If I was trying to determine if this function was invertible, I assume that to check if it was one to one/injective, I would take the first derivative:

$\displaystyle f'(x) = \frac{1}{(1-x^2)^{\frac{3}{2}}}$

So, $\displaystyle |x|$ has to be $\displaystyle < 1$ otherwise it is not defined. What does it mean that x cannot = all other values in the derivative? Either way, the function will always be positive which means it is always increasing and therefore one to one.

To check if the function is onto/surjective I would have to compare the codomain and the range. The codomain is $\displaystyle \mathbb{R}$ and the range would be a subset of that because x cannot = 1; the function is therefore not onto.

It is therefore not invertible. Is this reasoning sufficient?

Thanks.

2. ## Re: How to test whether a function is invertible or not without graphing it?

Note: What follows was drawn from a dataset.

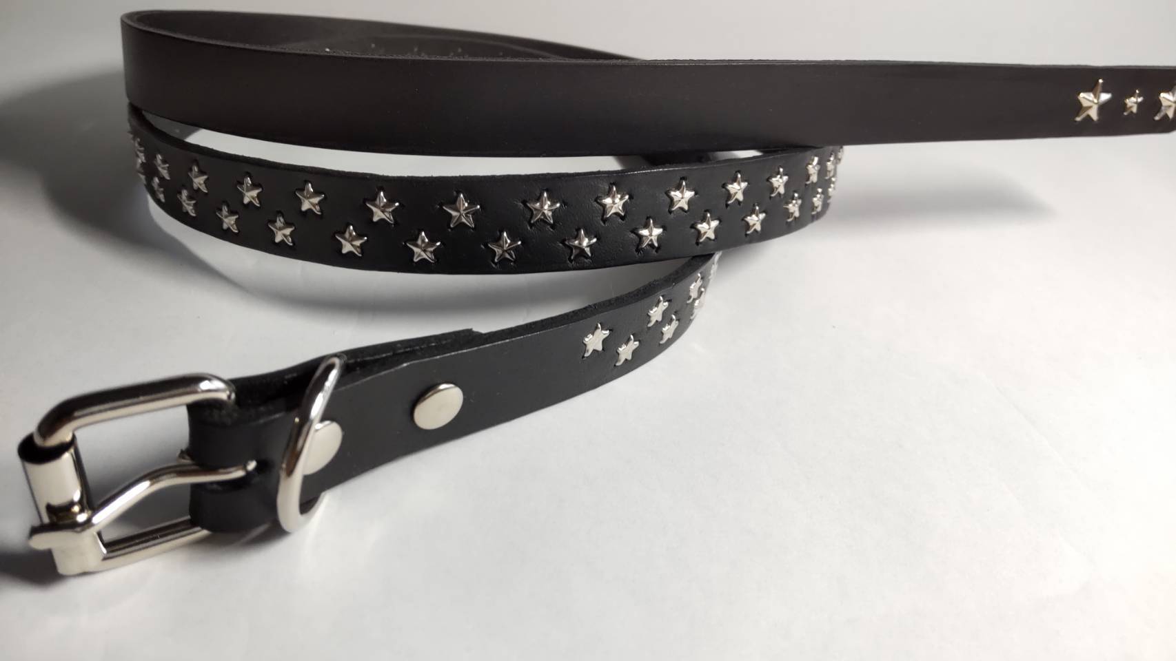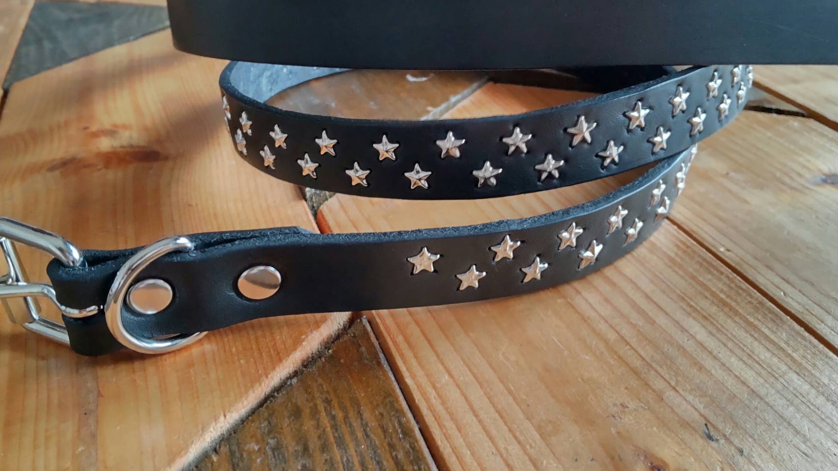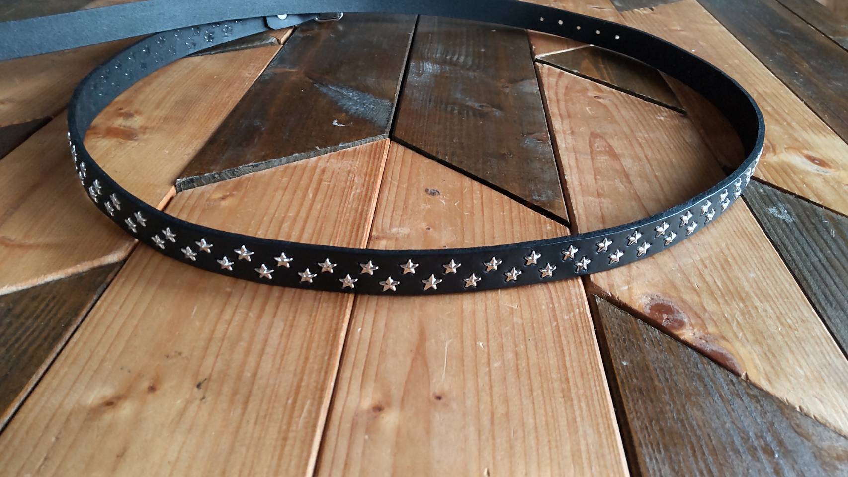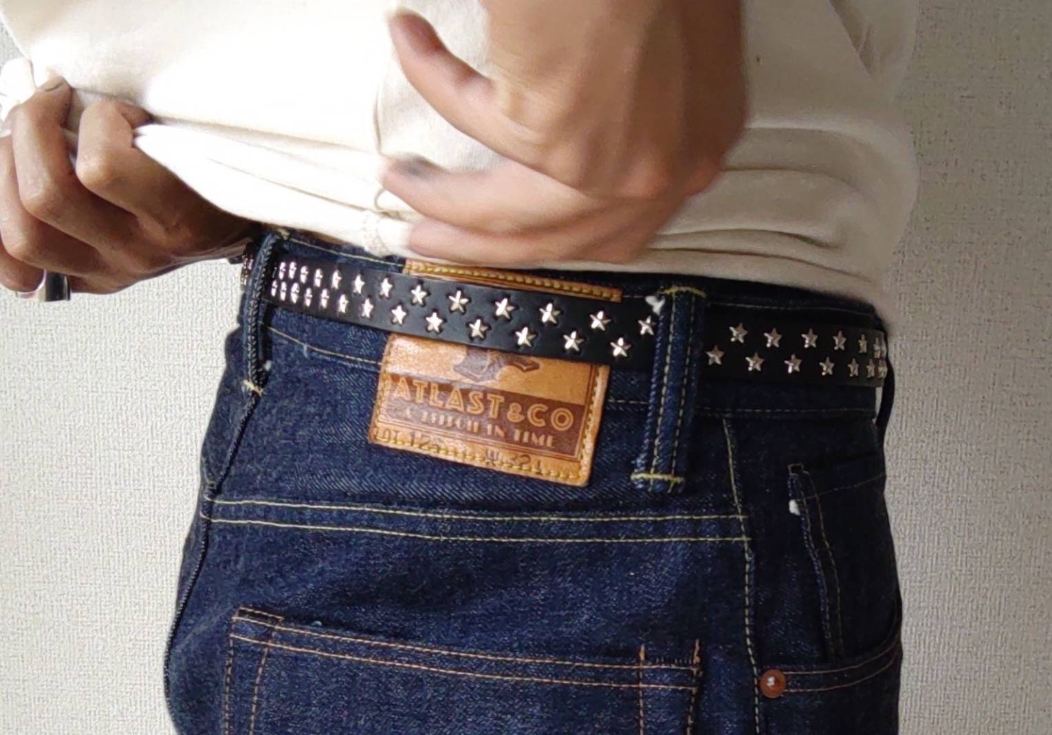 胴回りにスモールスター、ケンサキの一つに大きなスタースタッズを施したナローベルト。バックルを留める金具がスナップボタン式ですのでバックルの取り外しが可能となります。

Originally Posted by terrorsquid
It is therefore not invertible. Is this reasoning sufficient?
Prove that $\displaystyle f'(x)>0$ for all $\displaystyle x\in (-1,1)$ that is, $\displaystyle f$ is strictly increasing and as a consequence injective. On the other hand $\displaystyle \lim_{x\to -1^+}f(x)=-\infty$ and $\displaystyle \lim_{x\to 1^-}f(x)=\infty$ . Hence by the intermediate value theorem for continuous functions, the range of $\displaystyle f$ is $\displaystyle \mathbb{R}$ . So, $\displaystyle f : (-1,1)\to\mathbb{R}$ is bijective.